Siapa yang dulu menyangka kalau Asus bakal serius dalam dunia smartphone melalui seri Zenfone miliknya. Sudah sampai ke generasi ke-4 sekarang dengan seri Zenfone 4 Max. Apa saja peningkatan yang dimiliki smartphone dengan harga jual Rp. 2.299.000 ini?
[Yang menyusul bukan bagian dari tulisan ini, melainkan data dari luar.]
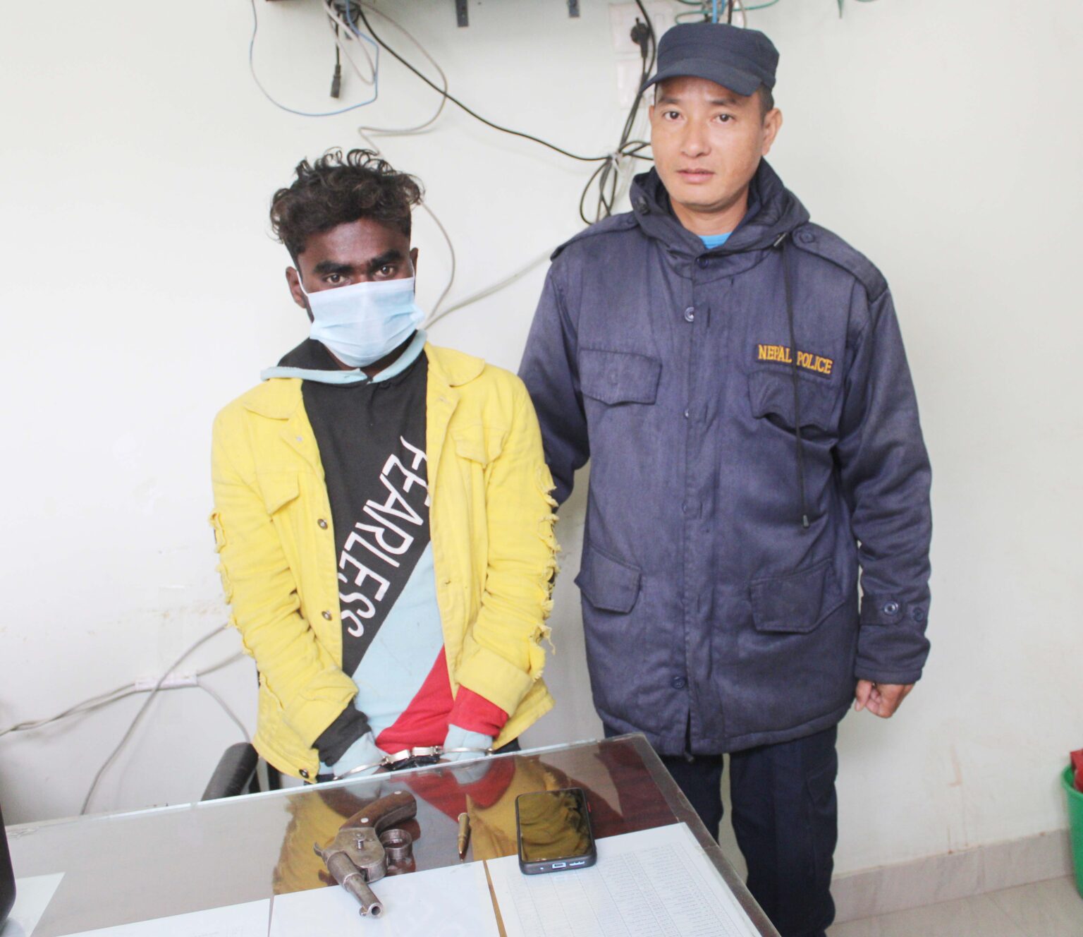 २९ मङ्सिर, जनकपुरधाम । सिरहमे प्रहरीद्वारा एक गोटे युवकके कटुवा पेस्तोलसहित नियन्त्रणमे लेने अछि। ईलाका प्रहरी कार्यालय बिष्णुपुर सिरहासं खटल प्रहरीके गस्ती टोली बिष्णुपुर गाँउपालिका ३ राजपुर के बासिन्दा २२ वर्षीय विन्दे कहेबाला सावनकुमार दासके शंकाके आधार प् चेकजाँच करेक समय मे कटुवा पेस्तोल बरामद कइने छल जिल्ला प्रहरी कार्यालय सिरहाद्वारा बतौलिन।
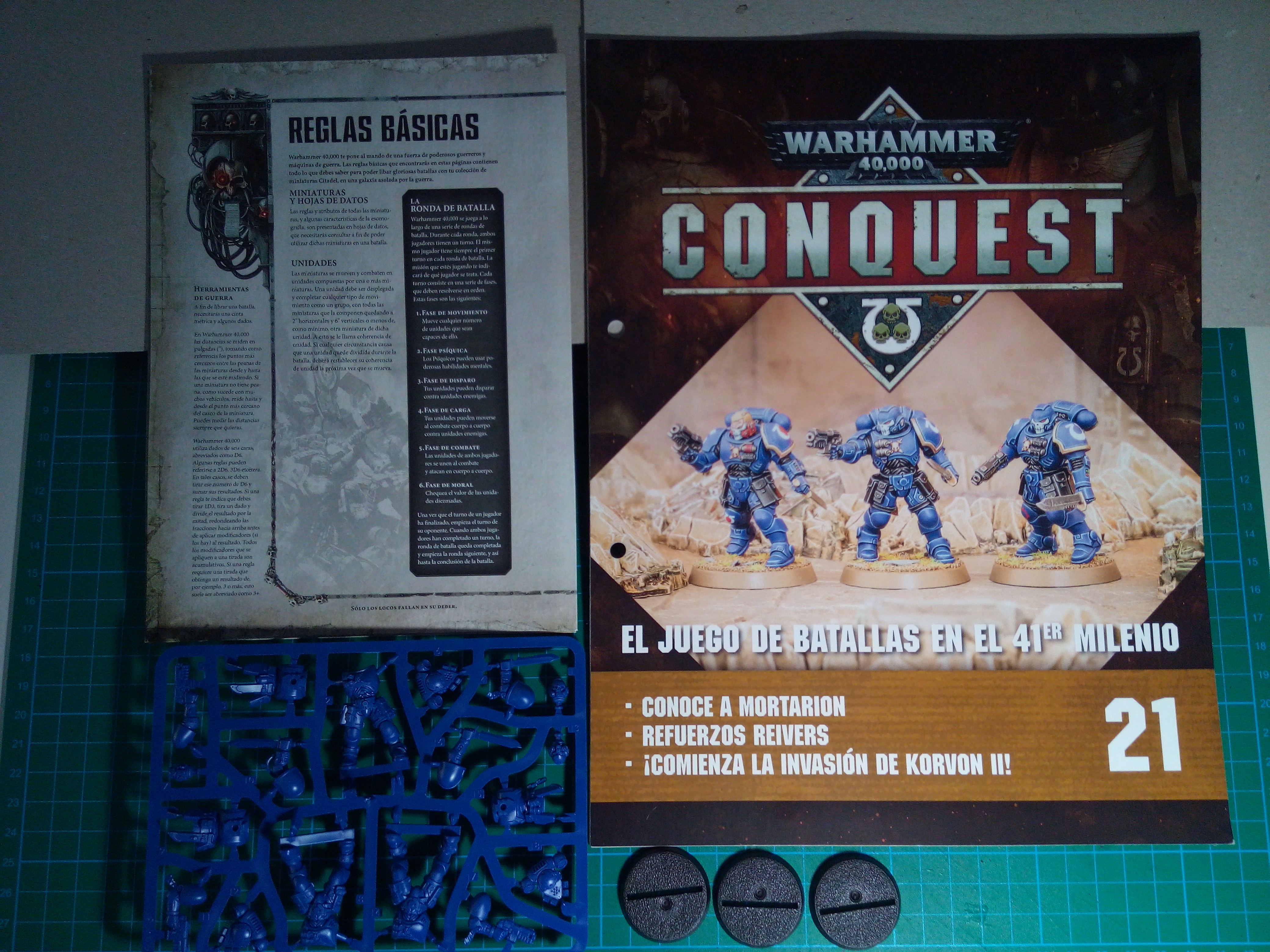 El vigésimo primer fascículo nos trae en portada tres Reivers, miniaturas que lo acompañan, y una tarjeta de referencia de reglas. Y como puntos de interés nos mencionan, conoce a Mortarion, refuerzos Reivers y ¡Comienza la invasión de Korvon II!
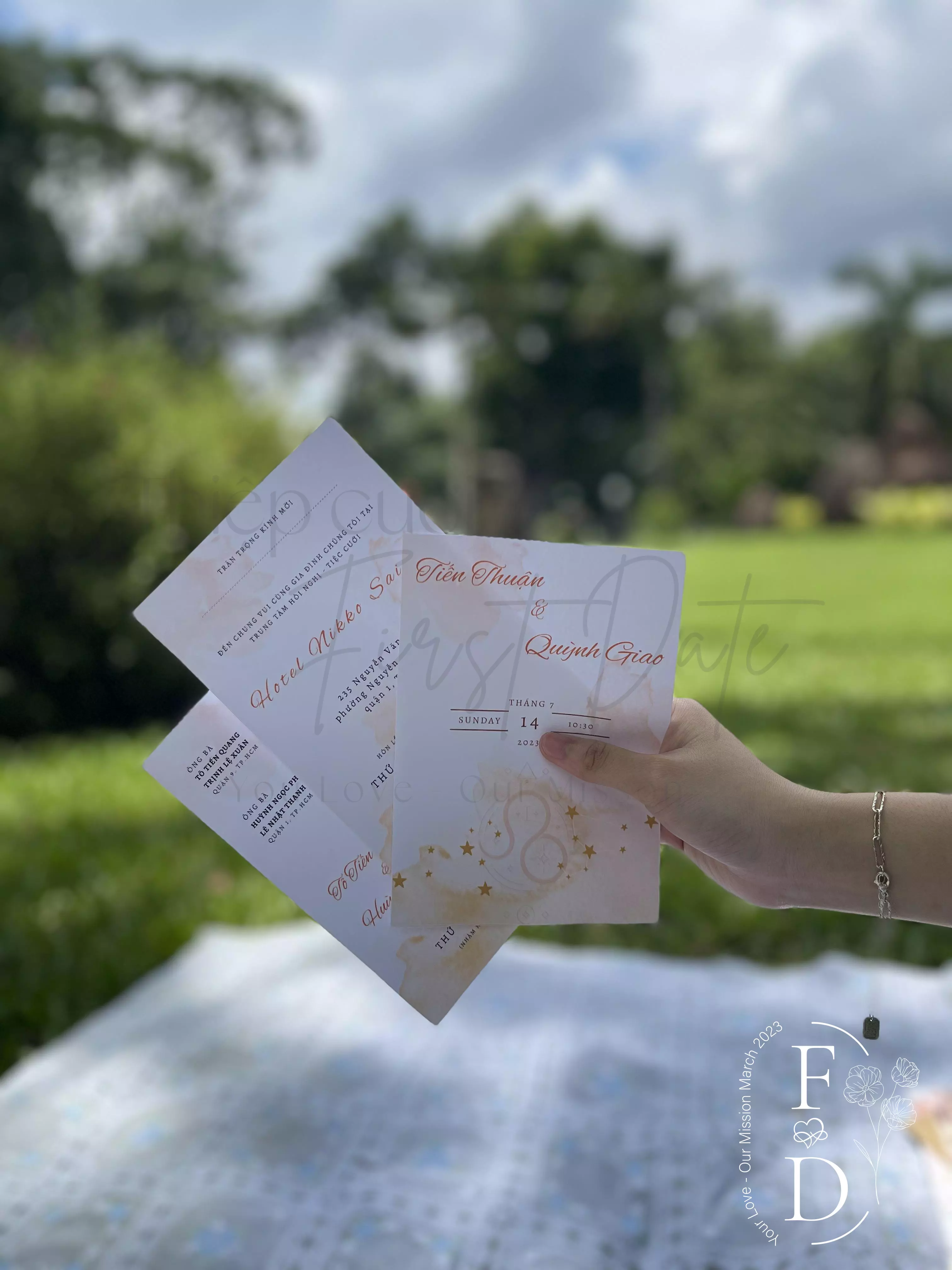 Các sản phẩm nhà First Date đều được thiết kế bằng công nghệ kỹ thuật số mới nhất hiện nay. Chất liệu giấy được tuyển chọn tốt nhất, mang đến trải nghiệm vô cùng sang trọng, cao cấp cho tấm thiệp của bạn.

Dari semua lini Zenfone 4, seri Max lebih ditujukan untuk kapasitas baterai yang luar biasa besar. Dengan kapasitas baterai 4.100 mAh dan resolusi layar 720 x 1280 pixel, dipastikan ponsel ini bisa dipakai seharian tanpa perlu khawatir baterai habis. Bahkan Asus berani membundling Zenfone 4 Max ini dengan USB OTG+ yang bisa digunakan untuk membagi baterai dengan smartphone lain.

Asus Zenfone 4 Max

Untuk spesifikasi juga bisa bersaing dengan smartphone di rentang harga yang sama, bedanya Zenfone 4 Max punya Asus yang after salesnya banyak tersebar di Indonesia jadi kalau ada masalah kalian bisa menemukan tempat servis yang banyak tersebar.

Processor menggunakan Qualcomm Snapdragon 425 dengan RAM 3 GB dan ROM 32 GB. Processor itu kalau disandingkan dengan layar 5,2 inch HD sudah pasti akan responsif. Layarnya juga sudah menggunakan teknologi IPS untuk tampilan yang jernih. Bagian kamera, kalian akan mendapatkan dua kamera utama 13 MP + 5 MP dan kamera selfie 8 MP. Memang terkesan seadanya, tapi memang Asus memang lebih fokus pada fitur baterai dibandingkan fitur lainnya pada seri Max. Sistem operasinya juga sudah menggunakan Nougat 7.0, memang bukan yang terbaru, tapi Asus pernah menjanjikan Zenfone 3 dan Zenfone 4 akan mendapatkan update Oreo 8.0 jadi tinggal masalah waktu saja.

Asus Zenfone 4 Max

Kalau dilihat dari harga jualnya, spesifikasi yang ditawarkan tergolong bagus apalagi kalau kalian mencari smartphone yang memang bisa dibawa seharian keluar tanpa perlu khawatir kehabisan baterai Desainnya juga relatif bagus, sudah terdapat fingerprint di depan yang multifungsi sebagai tombol home. Secara pribadi, penulis lebih menyukai penempatan tombol home di bagian depan layar, mungkin secara estetika tidak memberikan kesan “immersive”, tapi penulis sering menyalakan handphone saat masih di atas meja hanya untuk melihat notifikasi dan sebagainya. Mungkin ini hanya bersifat subjektif saja sampai teknologi baru bisa dinikmati lebih banyak orang.